• [Data segment]
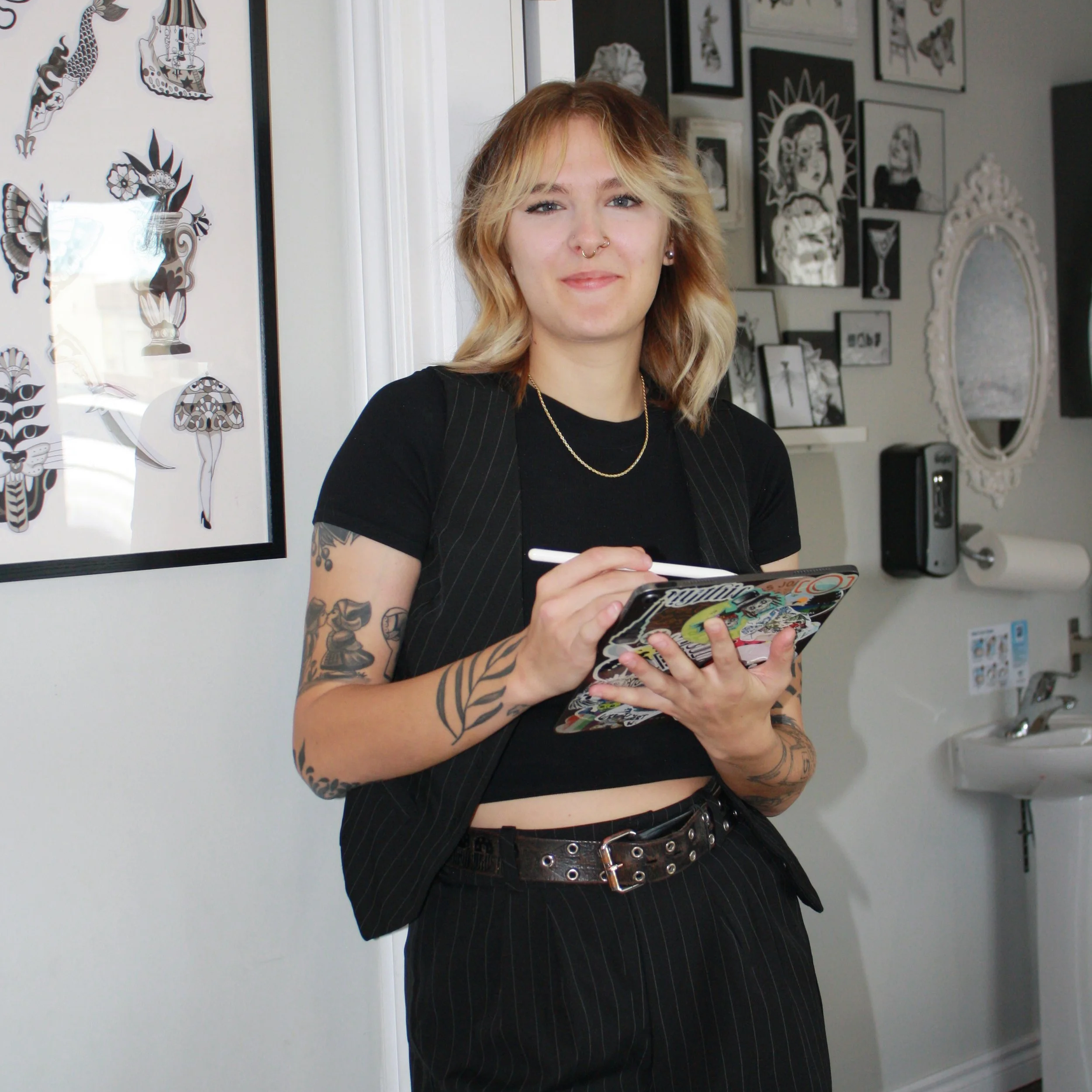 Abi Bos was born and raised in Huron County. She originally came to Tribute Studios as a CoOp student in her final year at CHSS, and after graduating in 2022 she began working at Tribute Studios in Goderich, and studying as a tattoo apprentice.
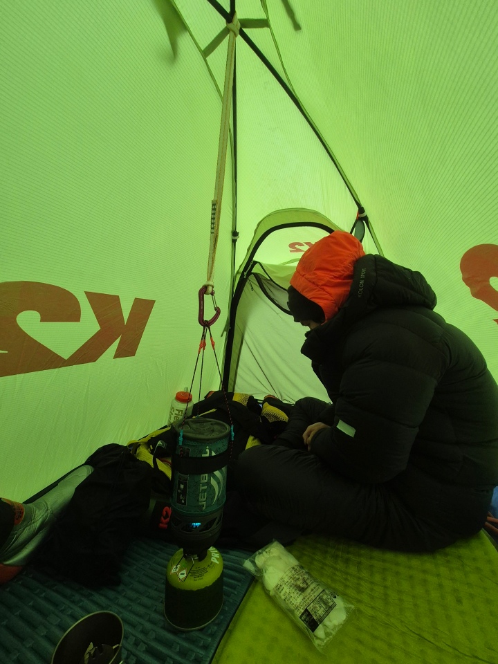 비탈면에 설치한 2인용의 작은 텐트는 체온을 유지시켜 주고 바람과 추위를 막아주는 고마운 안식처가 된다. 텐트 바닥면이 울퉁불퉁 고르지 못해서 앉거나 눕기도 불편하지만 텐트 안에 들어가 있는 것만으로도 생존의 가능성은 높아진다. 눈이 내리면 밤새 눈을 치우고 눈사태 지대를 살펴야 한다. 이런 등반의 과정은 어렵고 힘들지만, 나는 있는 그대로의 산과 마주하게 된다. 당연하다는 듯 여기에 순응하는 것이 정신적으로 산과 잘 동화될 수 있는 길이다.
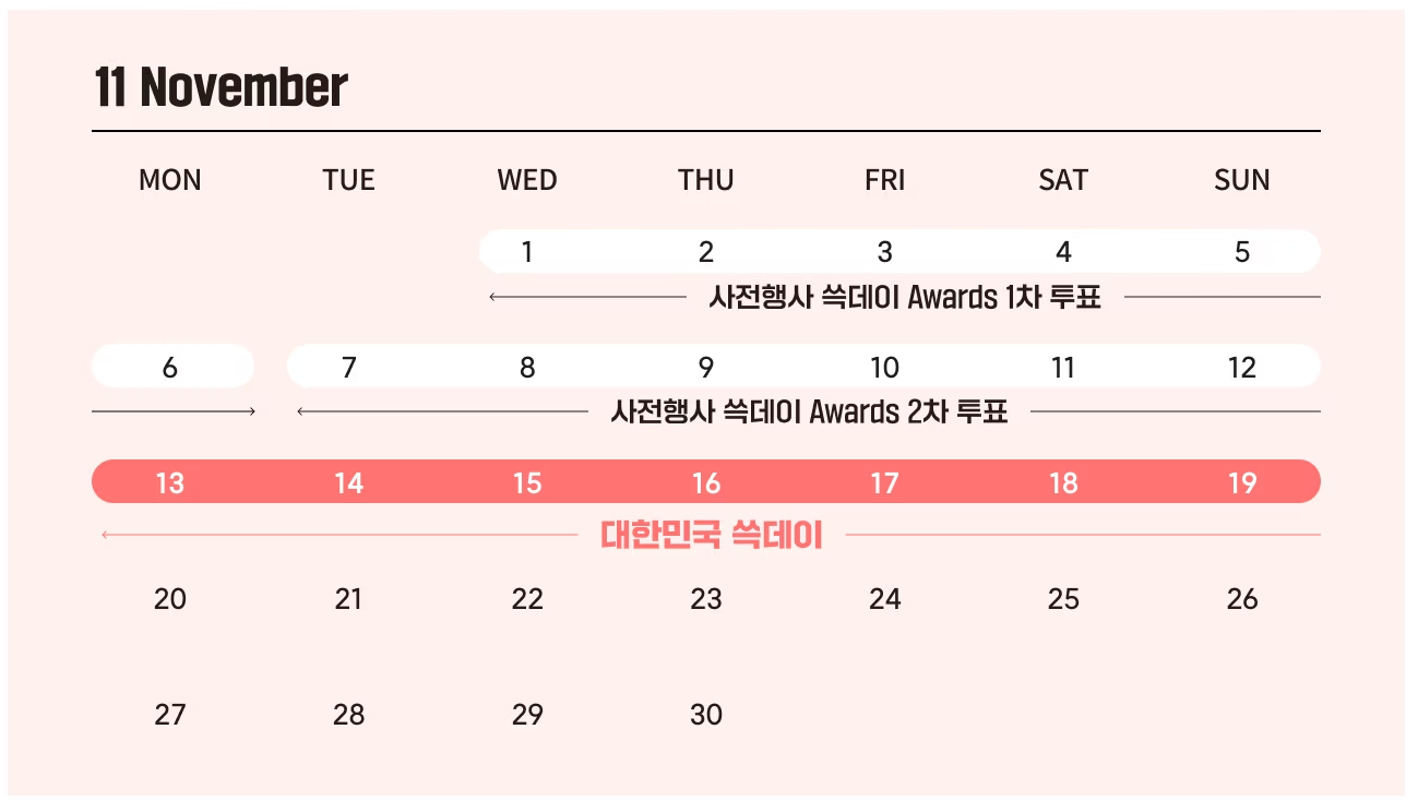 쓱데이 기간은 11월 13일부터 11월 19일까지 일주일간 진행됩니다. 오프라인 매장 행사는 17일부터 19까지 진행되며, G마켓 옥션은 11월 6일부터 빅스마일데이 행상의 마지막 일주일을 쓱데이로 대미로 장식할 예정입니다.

• [Activity]
Write out the material exactly as it stands, omitting every picture.

• [Answer to this task]
 Abi Bos was born and raised in Huron County. She originally came to Tribute Studios as a CoOp student in her final year at CHSS, and after graduating in 2022 she began working at Tribute Studios in Goderich, and studying as a tattoo apprentice.
 비탈면에 설치한 2인용의 작은 텐트는 체온을 유지시켜 주고 바람과 추위를 막아주는 고마운 안식처가 된다. 텐트 바닥면이 울퉁불퉁 고르지 못해서 앉거나 눕기도 불편하지만 텐트 안에 들어가 있는 것만으로도 생존의 가능성은 높아진다. 눈이 내리면 밤새 눈을 치우고 눈사태 지대를 살펴야 한다. 이런 등반의 과정은 어렵고 힘들지만, 나는 있는 그대로의 산과 마주하게 된다. 당연하다는 듯 여기에 순응하는 것이 정신적으로 산과 잘 동화될 수 있는 길이다.
 쓱데이 기간은 11월 13일부터 11월 19일까지 일주일간 진행됩니다. 오프라인 매장 행사는 17일부터 19까지 진행되며, G마켓 옥션은 11월 6일부터 빅스마일데이 행상의 마지막 일주일을 쓱데이로 대미로 장식할 예정입니다.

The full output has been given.